In the world of data science, processing raw time-series data—such as audio, vibrations, or sensor logs—can be challenging. To make this data readable for machine learning models, we often need to move from the Time Domain to the Frequency Domain. This is where the Fast Fourier Transform (FFT) comes into play.
This guide will walk you through the process of building robust frequency feature vectors using embedded FFT techniques, perfect for feature engineering in your next AI project.
Why Use FFT for Feature Vectors?
Raw signals are often noisy and high-dimensional. By applying an Embedded FFT, we can extract the dominant frequencies that characterize the signal. These frequencies serve as "fingerprints," allowing a model to distinguish between different states (e.g., a healthy motor vs. a failing one) much more effectively than raw data points.

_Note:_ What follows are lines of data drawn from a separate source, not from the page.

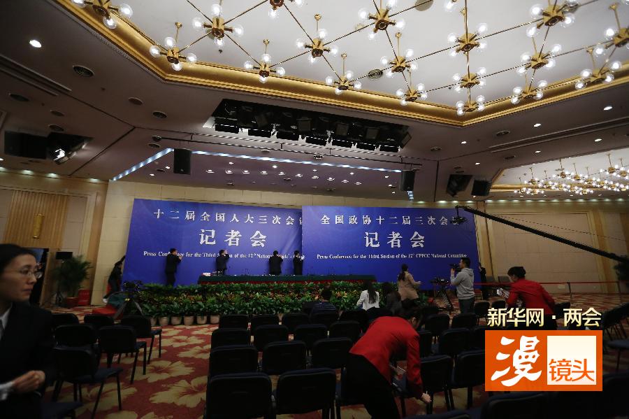 3月10日,在位于北京梅地亚中心的两会新闻中心,工作人员在一场记者会结束后更换背景板,为下一场会议做准备。 新华社记者 殷刚 摄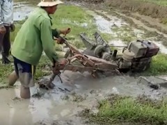 越南超牛的機械,兩個輪子像是水車,能在泥濘中任意行走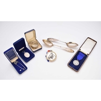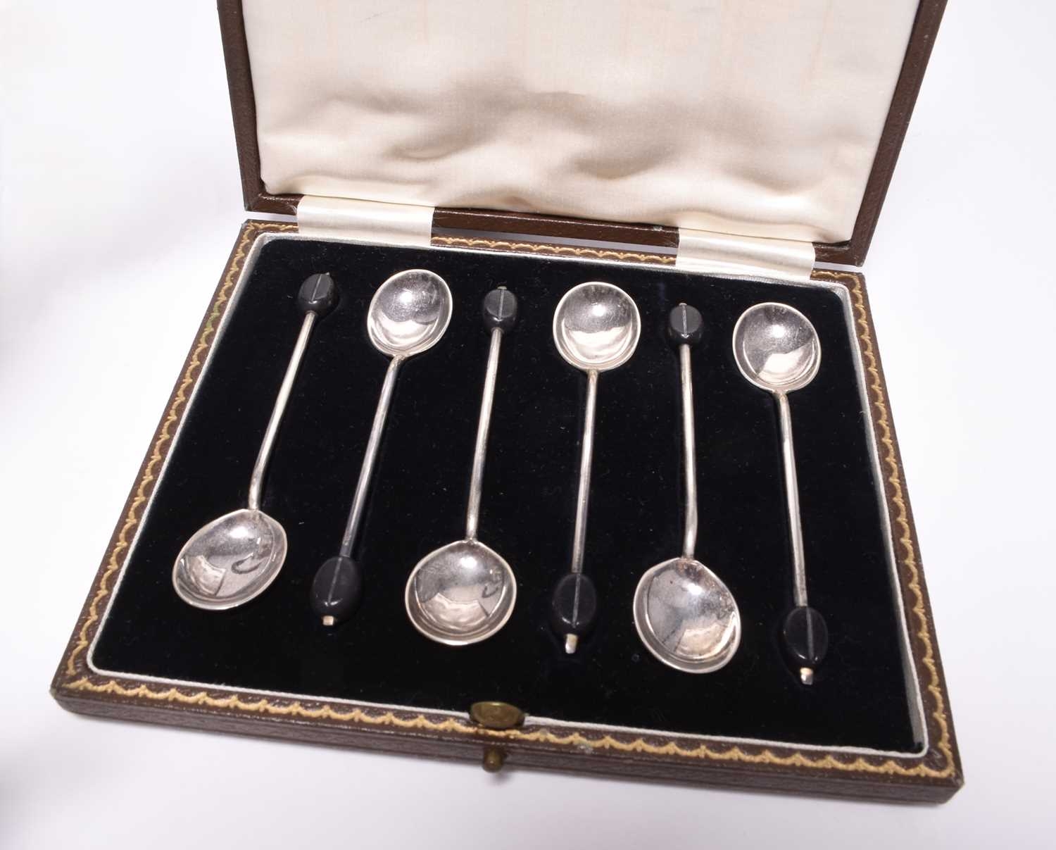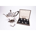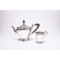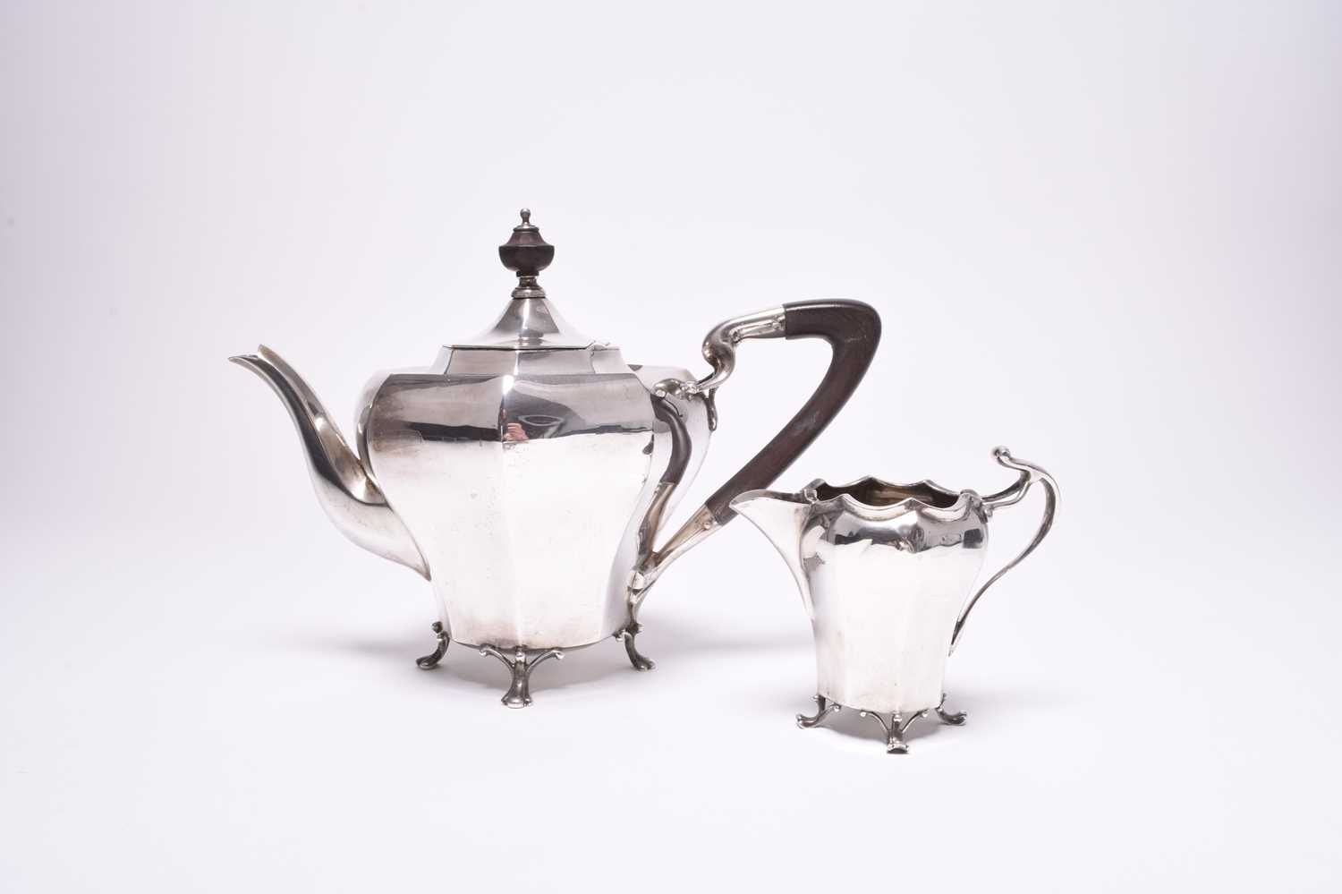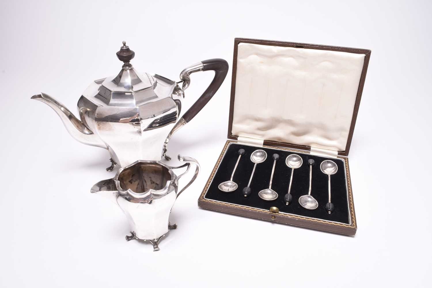 A silver teapot and cream jug, Roberts & Belk, Sheffield 1906 and 1909, each of faceted octagonal form and raised on four paw feet, together with a cased set of six silver coffee spoons with bean terminals, total weight approx 17.3oz (3)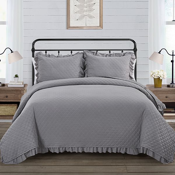 Vcny Home Farmhouse Savannah Ruffle Quilt Set Grey 3 Piece Full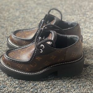 Louis Vuitton Beaubourg Derby Shoes Platform Monogram Print Like New 38.5/7-5-8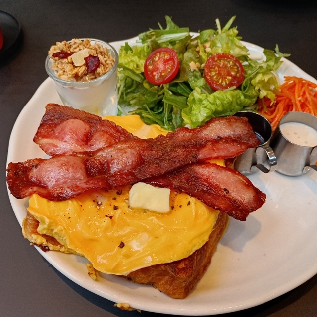 エッグベネディクトの他にパンケーキやフレンチトーストにベーコンエッグと塩気を加えたボリュームたっぷりのメニューがラインナップ。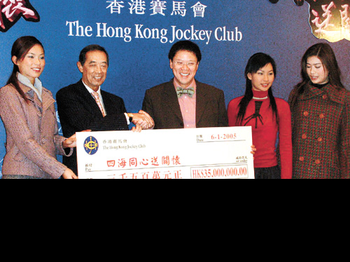 中新網1月7日電 據香港大公報報道,應屆香港小姐徐子珊、朱慧敏及符思思,昨(6)日出席于香港賽馬會舉行的支票移交儀式。馬會設于不同地點的善款箱,共籌集得超過三千五百萬港元的善款,連同“無線”制作的《四海同心送關懷》節目及政府在大球場舉行的籌款活動善款,預計已籌得超過一億港元。所有善款將捐給五個慈善機構,分別是香港紅十字會、香港世界宣明會、樂施會、聯合國兒童基金會及救世軍。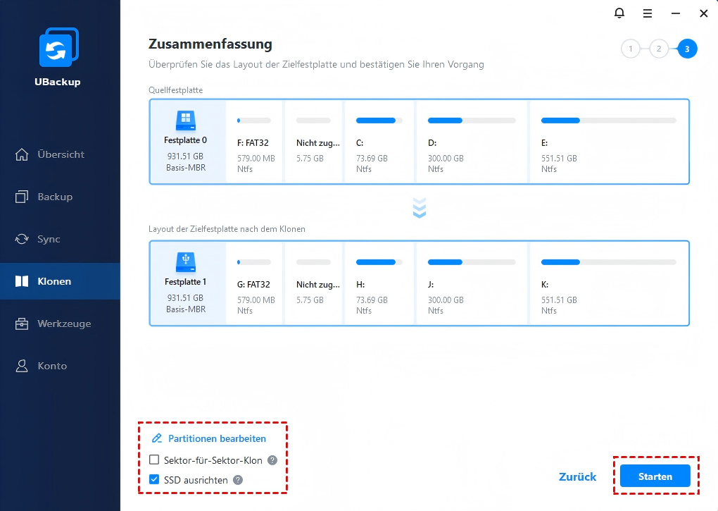 Schritt 4. Da Sie eine Festplatte auf eine SSD klonen, ist es ratsam, die Option SSD ausrichten zu aktivieren, indem Sie das entsprechende Kästchen ankreuzen. Dadurch wird die Leistung und Lebensdauer der SSD optimiert. Sobald Sie die Einstellungen überprüft und bestätigt haben, klicken Sie auf die Schaltfläche Starten, um den Klonprozess sicher zu starten.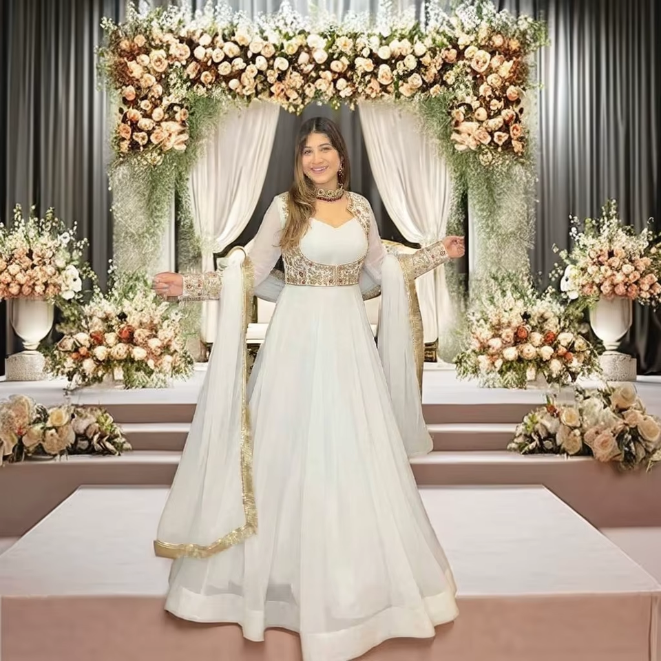 ชุดอานาร์กาลีผ้าจอร์เจตต์เทียมแบบดีไซเนอร์ ตกแต่งด้วยงานปักแบบโคติ ความยาวปกติ แห้งเร็ว ใส่ได้ทุกฤดู เหมาะสำหรับงานแต่งงานและงานเฉลิมฉลอง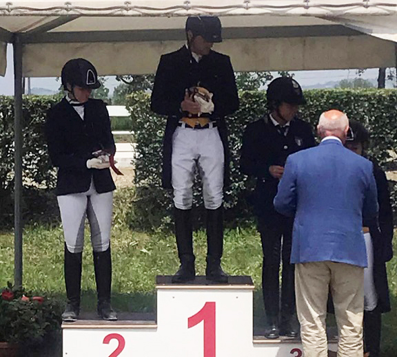 Podio del Prix St Georges di domenica con Stefano Mantica sul gradino più alto con a sinistra Nadja Meuter seconda ed a destra Ester Soldi terza (photo courtesy: Roncobello Dressage).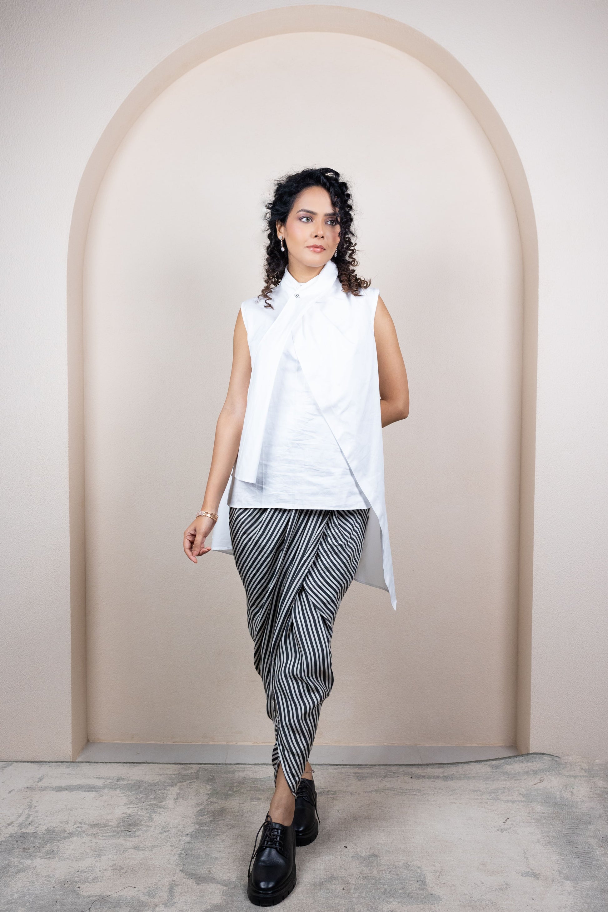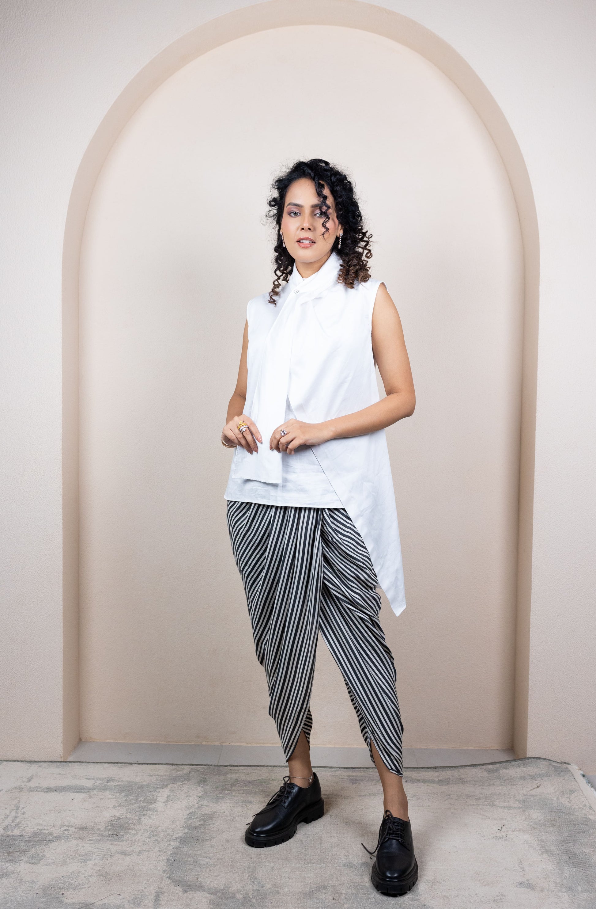 A modern twist on classic tailoring, this asymmetric white shirt with attached scarf detail is paired with black-and-white draped striped pants. A bold festive ensemble for the fashion-forward.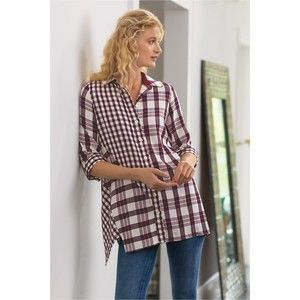 Soft Surroundings Huntleigh Plaid Gingham Asymmetrical Twill Tunic Shirt Size Medium, Burgundy and White/Ivory, Flat Squarish Translucent Buttons up front and back, 3/4 Sleeves, collared, Asymmetrical plaid design, Great Used Condition, No Flaws to Note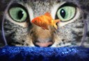 il gatto a cosa sta pensando?... Il pesce è già spaventato!!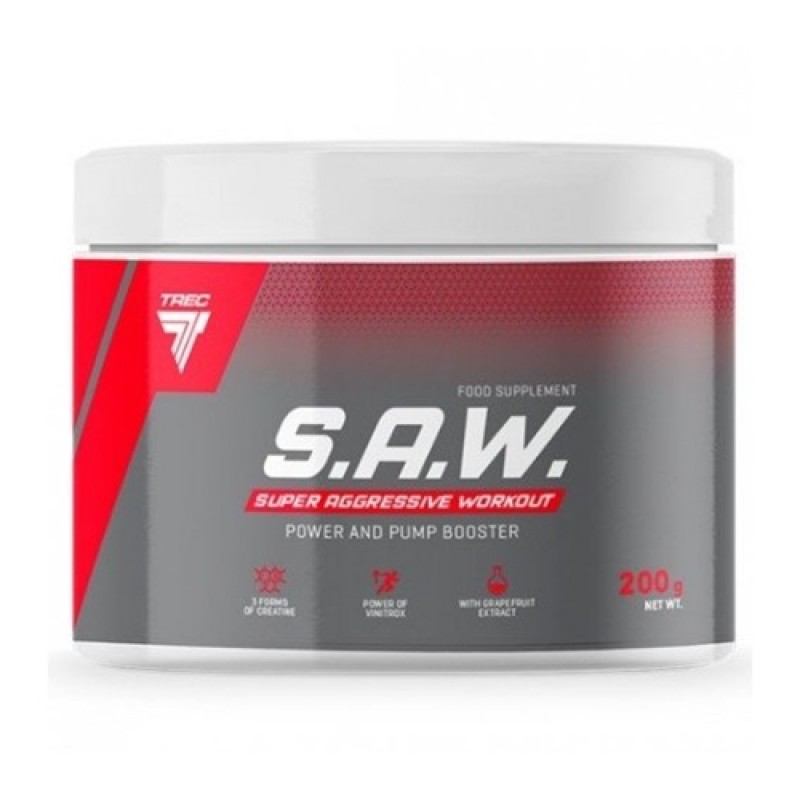 S.A.W. суперконцентрированная формула для принятия до тренировки, предназначенная для профессионалов. Для препарата характерно сильное анаболическое действие и чрезвычайное увеличение объема работающих мышц. S.A.W. обеспечивает им дополнительное снабжение кислородом, питание и импульс для дальнейшего роста. Уникальный комплекс бета-аланина и активных нейростимуляторов повышает выносливость и концентрацию, а также увеличивает энергетические ресурсы организма. Препарат противодействует преждевременной усталости и чрезмерному «закисанию» тканей. S.A.W. способствует увеличению силы и мышечной массы, а также улучшает работоспособность организма во время тяжелых физических нагрузок.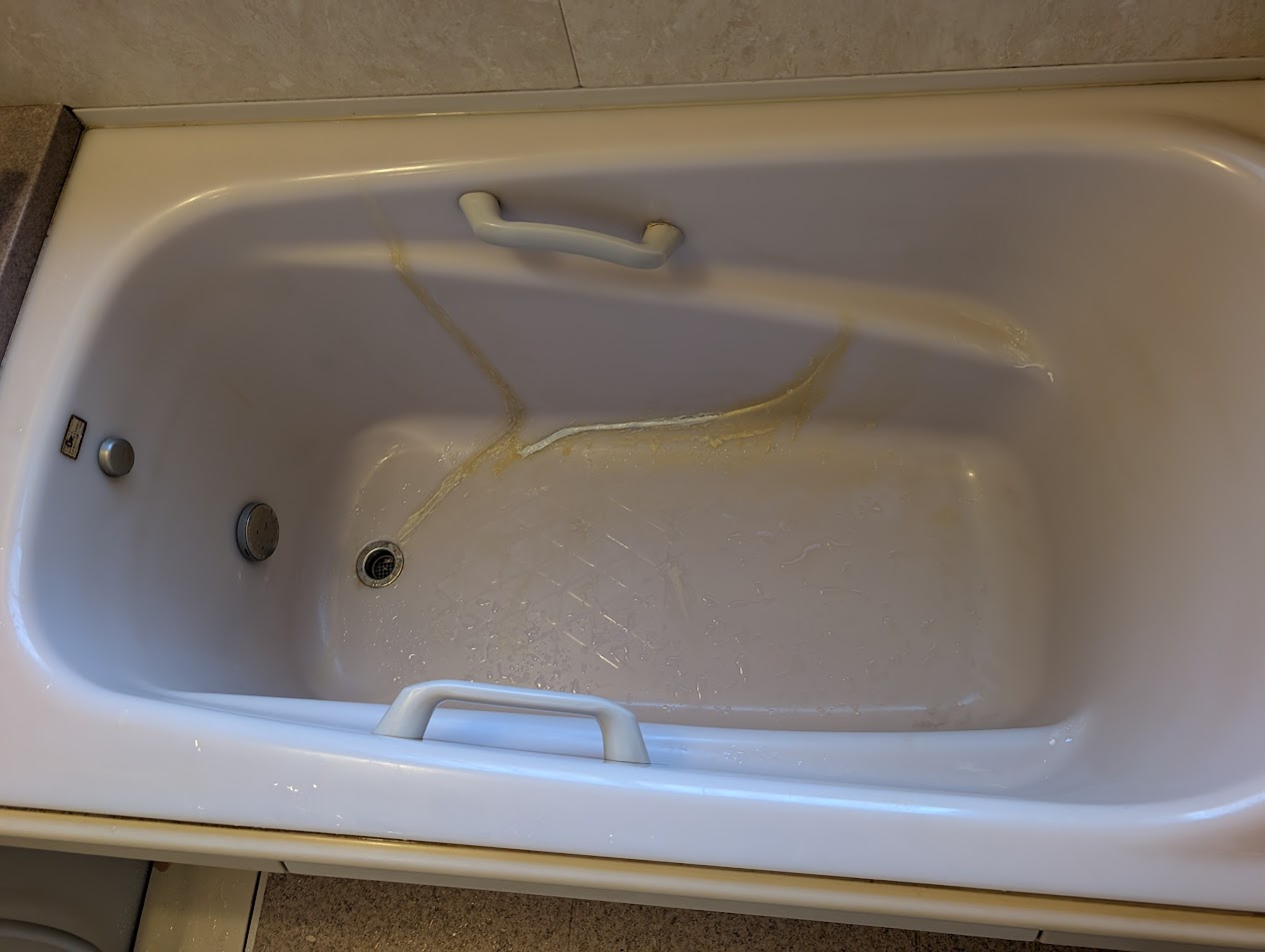 施工内容:人工大理石製浴槽の割れ補修・再生施工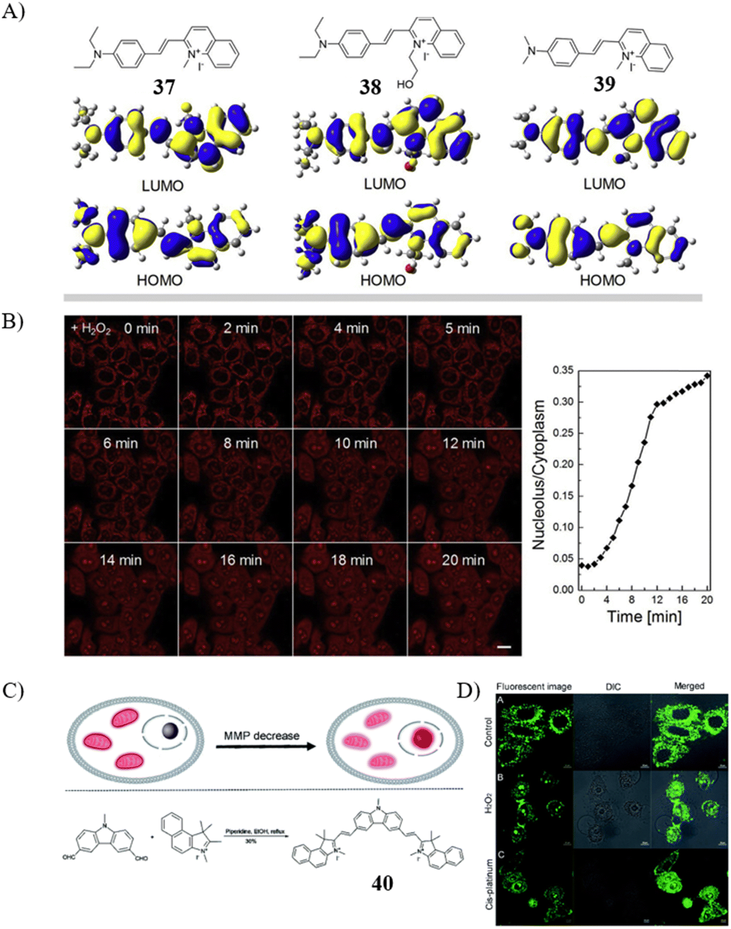 | 39 | ΔΨm | ICT | PBS (pH 7.4, 10 mM) | 500/630 | — | — | Mitochondria, nucleolus | HepG 2 cells | |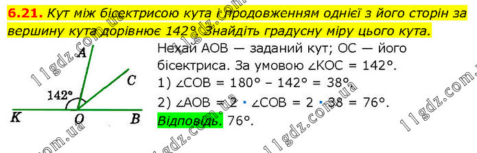 Кут між бісектрисою кута і продовженням однієї з його сторін за вершину кута дорівнює 142°. Знайдіть градусну міру цього кута. Нехай AOB — заданий кут; OC — його бісектриса. За умовою ∠KOC = 142°. 1) ∠COB = 180° – 142° = 38°. 2) ∠АОВ = 2 ∙ ∠СОВ = 2 ∙ 38 = 76°. Відповідь. 76°.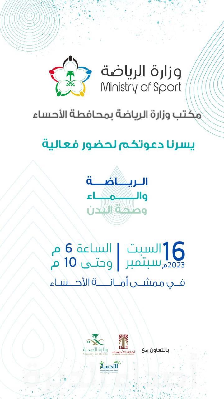 أعلن مكتب وزارة الرياضة بمحافظة الأحساء عن تنظيمه لفعالية (الرياضة والماء وصحة البدن) والتي ستقام السبت القادم ١٦ سبتمبر الحالي في ممشى أمانة الأحساء من الساعة ٦:٠٠ مساءً حتى ١٠:٠٠ مساءً.
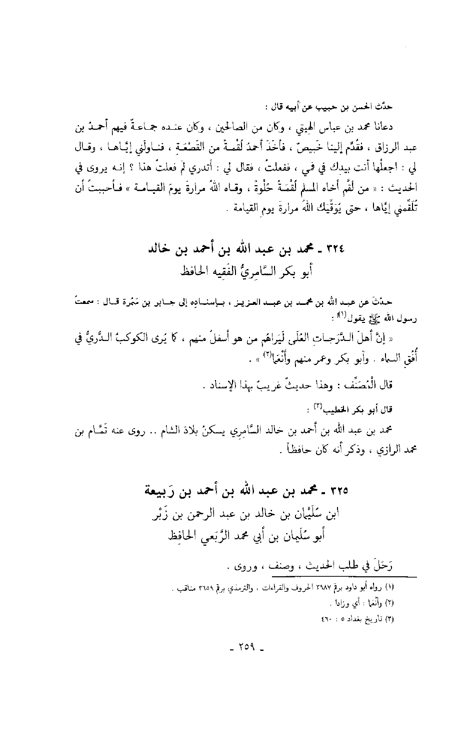 قال أبو بكر الخطيب: محمد بن عبد الله بن أحمد بن خالد السامري يسكن بلاد الشام.. روى عنه تمام بن محمد الرازي، وذكر أنه كان حافظاً.

Python Implementation: Creating the Vector
Below is a concise example using Python and NumPy to transform a signal into a normalized frequency feature vector.
import numpy as np
def get_fft_feature_vector(signal, sampling_rate):
# 1. Apply FFT
n = len(signal)
fft_values = np.fft.fft(signal)
# 2. Get the magnitudes (Absolute values)
# We only take the first half (Positive frequencies)
magnitudes = np.abs(fft_values[:n // 2])
# 3. Normalize the vector
feature_vector = magnitudes / np.max(magnitudes)
return feature_vector
# Example Usage
# signal = [your_sensor_data]
# features = get_fft_feature_vector(signal, 1000)
Optimization Tips for and Performance
- Windowing: Use a Hanning or Hamming window before FFT to reduce spectral leakage.
- Dimensionality Reduction: If your vector is too large, consider using Binning or Principal Component Analysis (PCA) on your FFT results.
- Sampling Rate: Always ensure your Nyquist frequency (half the sampling rate) is sufficient for the signals you are capturing.